Recently, I was asked for my thoughts on the death of a young man named Mike Cho. Cho was gunned down by police officers in La Habra, Calif. The only information I had at that time was that Cho made an attempt to strike the cops with a tire iron prior to his expiration.

It sounded like a righteous shooting to me.

I’ve since had some time to find more information about the shooting. Here’s what I’ve learned so far (from words and video): on December 31, 2007 at approximately 2 p.m., police officers were responding to a vandalism call. A surveillance video showed two cops tactically deployed behind the open doors of a police vehicle. The suspect (Mike Cho) walked towards them with a tire iron in his left hand, and a cigarette in his right. Police said that they ordered him to drop the tire iron. Instead, Cho turned approximately 90-degrees to his right and walked away, off camera. Both cops lowered their guns and followed. Off camera, Cho raised the tire iron over his head in a striking position. In response, police officers shot him a total of ten times.

There have been a lot of questions as to why the police did what they did. Why did they have their guns drawn? Why did they have to shoot the kid ten times? Why didn’t they use a taser or some other less-than-lethal weapon?

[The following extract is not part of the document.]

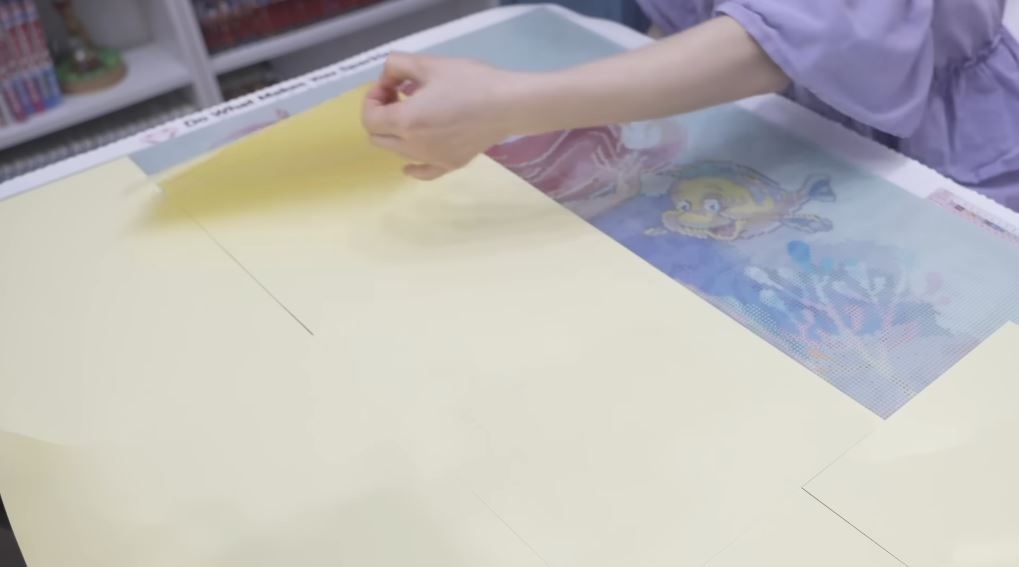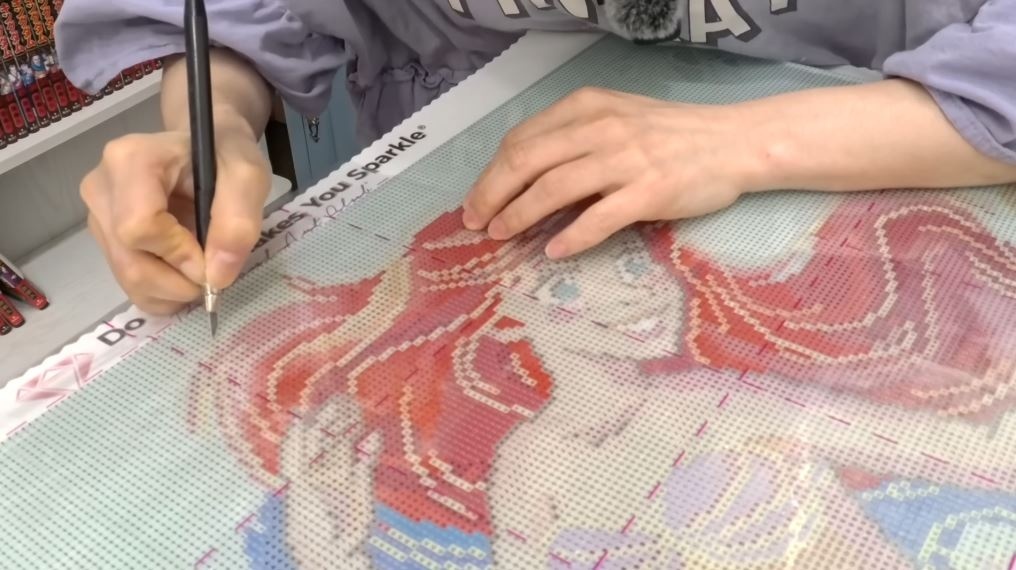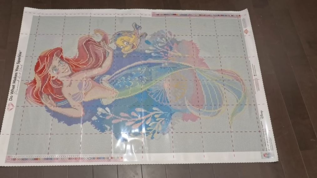 今回、みのりんさんが手掛けたのは、ディズニー映画「リトル・マーメイド」のアリエルを描いた正規ライセンス付きのダイヤモンドアート。まずは、それぞれのビーズを色分けしてトレーに入れていきます。
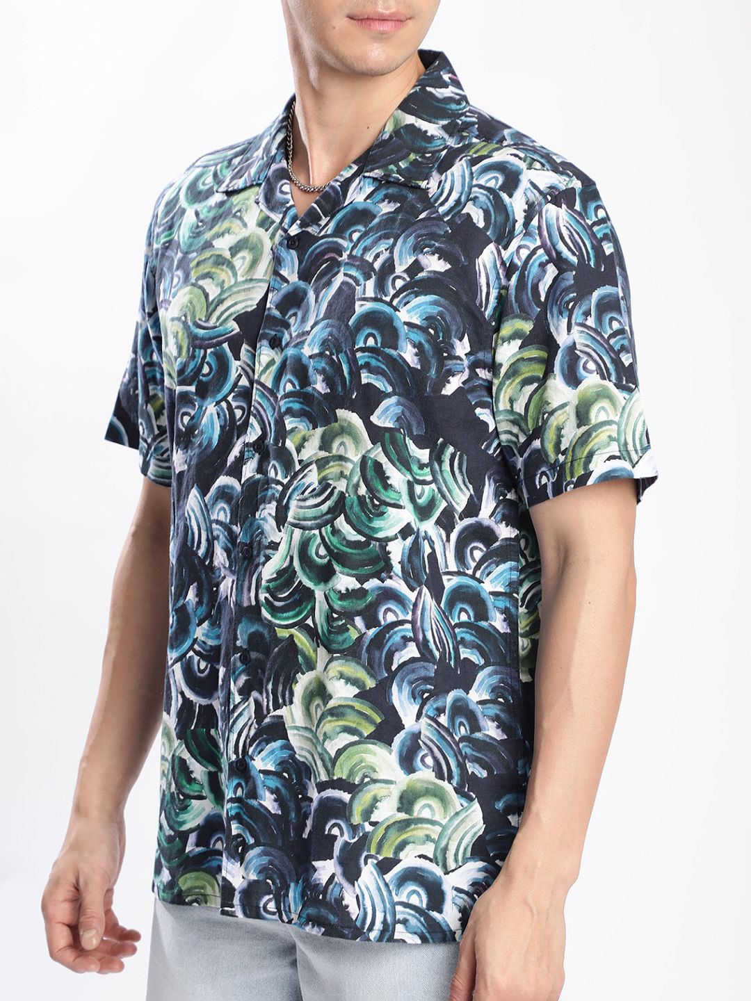 Green abstract printed opaque Casual shirt ,has a cuban collar, button placket, na pocket, short regular sleeves, straight hem

The answers to those questions are so blatantly obvious (and have been answered in other forums) that I won’t go into them here. Instead, I have questions of my own: why would you approach two guys with a tire iron in hand, especially when their guns are leveled at you? Disturbing to me is the manner with which Cho approached the two cops, puffing on his cigarette. Slowly. Deliberately. Like he didn’t give a fuck. Why? Was Cho on drugs? Was he crazy? Did he commit suicide by cop?

My thoughts on the death of a young man named Mike Cho, for what they’re worth: it was a tragic death, but one the suspect brought upon himself. Unless some new information is released that will sway my opinion otherwise, I’d say that the shooting was righteous.

Note: Check out the Los Angeles Times for an article about the shooting. A Korean language news source showed surveillance video of Cho’s encounter with La Habra police, moments before the shooting. A clip has been posted on YouTube.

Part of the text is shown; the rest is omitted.